A sample implementation that leverages the concepts discussed above is available at https://github.com/ashkrit/corejava/tree/master/playground/src/main/java/context. This implementation showcases how the proposed Context API can be used to manage state, telemetry, and feature flags in a distributed system.

The sample implementation uses an H2 database for the persistence of state, and this database is abstracted through the ContextProviderClient.java interface. This abstraction enables the use of any backend system to store states, providing flexibility and adaptability.

One of the key challenges of the Context API is state replication in a distributed system. To address this, various approaches can be taken, depending on the requirements of the system. One option could be to use a REST API that has access to a replicated database system, where all state management is done through the API. Alternatively, a multi-data center cache, such as Redis, could be used to store and replicate state across different regions. In some cases, a distributed and replicated file system could also be used to store and manage state.

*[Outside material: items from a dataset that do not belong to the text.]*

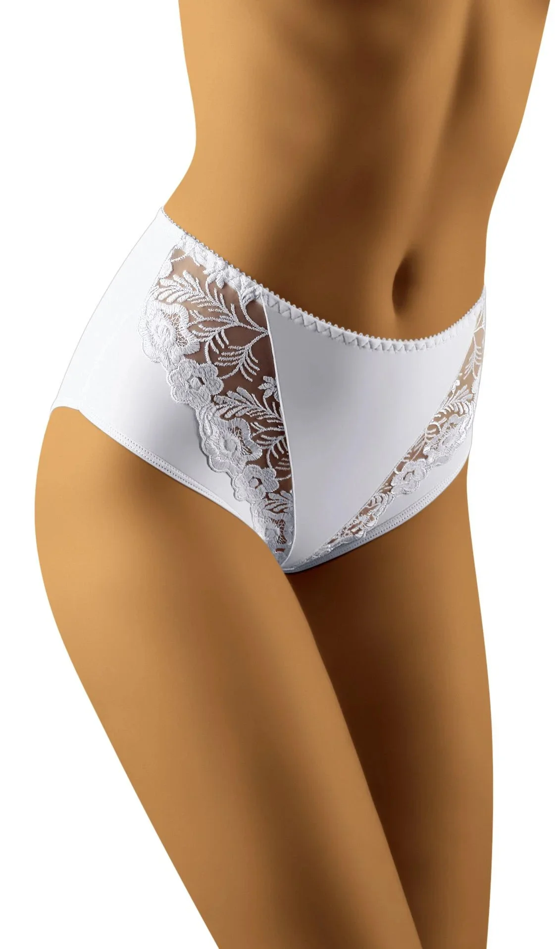 Gabe je mírně plnější spodní díl, který dokonale sedí na těle a pružně ho tvaruje. Zcela hladká zadní a přední strana je prošpikována ozdobnou krajkou, která koketně přechází po přední straně kompozice. Inspirujícím a výrazným prvkem se zde stávají velké, jemné květy s krásně rozkvetlými poupaty, které přinášejí úžasný, velmi ženský vzhled. Pohodlí v kombinaci s elegantním šarmem.
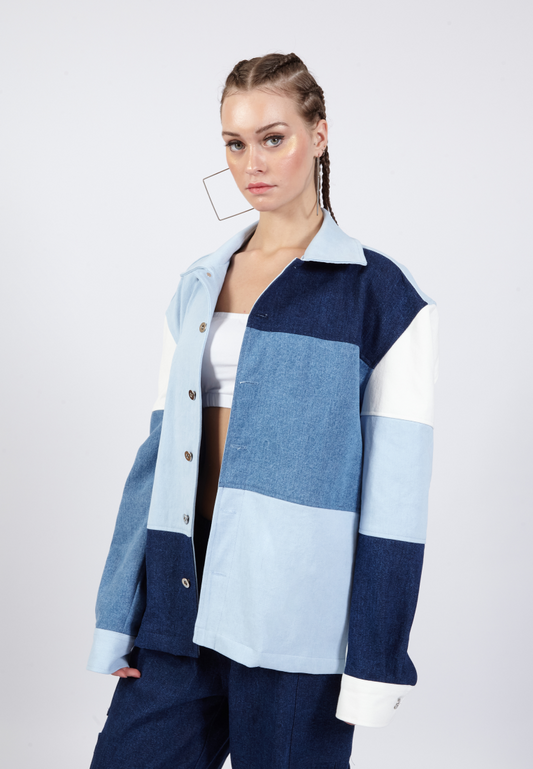 OCWA FRESCO OVERSIZED COLORBLOCK PATCH BLUE WHITE NAVY DENIM JACKET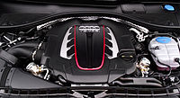 The Audi S6 and S7 are powered by a 4.0L DOHC twin-turbo V8 engine mated to a 7-speed S-tronic Double Clutch Gearbox. This engine makes 420 PS (414 hp; 309 kW) and 406 lb⋅ft (550 N⋅m) of torque, plus there is a cylinder-deactivation system and a stop-start system for improved fuel economy.[9] This was later upgraded to 450 PS (444 hp; 331 kW) for 2016. The 2013 Audi A8 shares the same engine, while the 2012 Audi S8 has a variant of the powerplant in a higher state of tune making 520 PS (513 hp; 382 kW) and 479 lb⋅ft (649 N⋅m) of torque, both mated to an 8-speed automatic transmission.[10] Higher output versions of this 4.0L DOHC twin-turbo V8 engine are found in the 2013 Audi RS6, 2013 Audi RS7, and 2016 Audi S8 Plus.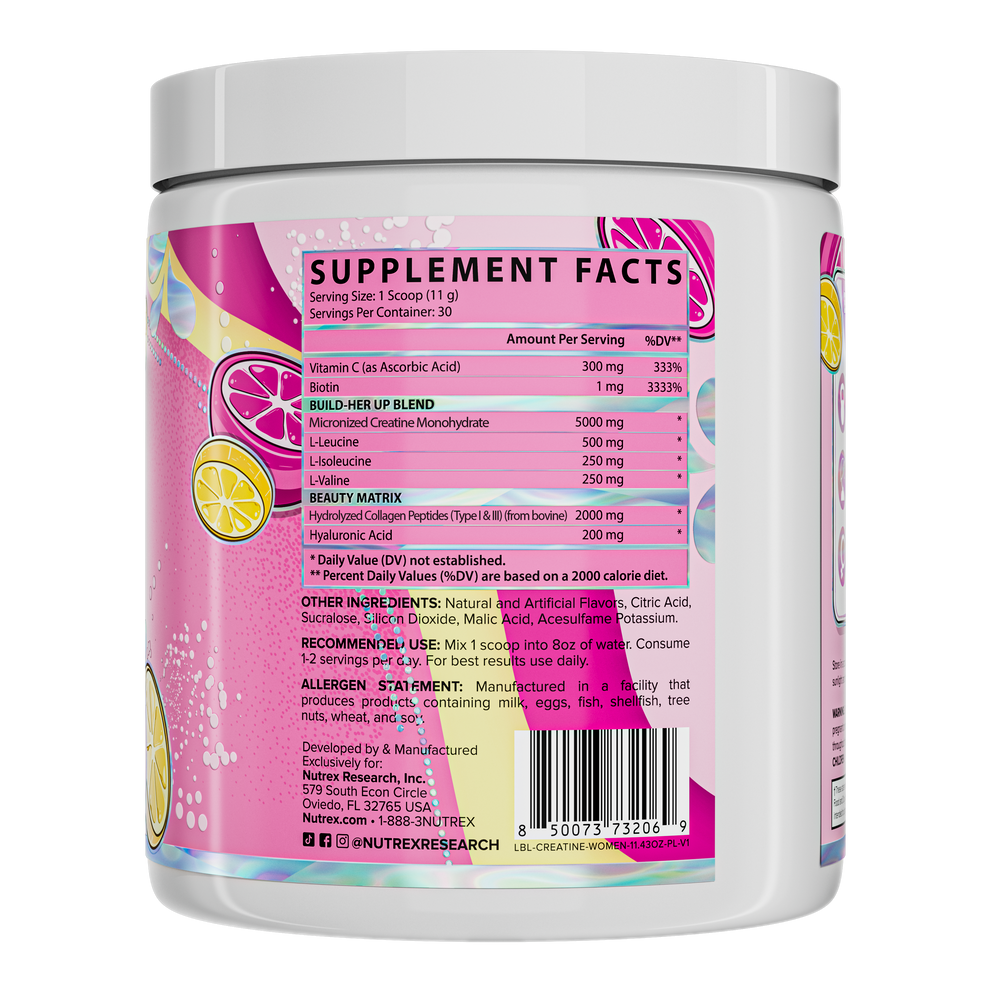Take your fitness and beauty goals to the next level with Nutrex Creatine For Women + Booty & Beauty — a blend crafted specifically with the needs of active women in mind. This hybrid formula delivers 5g micronized creatine monohydrate per serving plus beauty-boosting ingredients like collagen, biotin, hyaluronic acid, BCAAs, and vitamin C to support lean muscle, recovery, and glowing skin — all without the bloat.

Overall, the choice of backend system and replication strategy will depend on the specific needs of the distributed system and the desired level of fault tolerance, consistency, and scalability. The flexibility and abstraction provided by the Context API make it possible to use a variety of backend systems and replication strategies, enabling teams to choose the approach that best meets their requirements.

Overall, the sample implementation provides a practical example of how the Context API can be used to simplify the management of state, telemetry, and feature flags in a distributed system, while promoting flexibility, scalability, and reliability.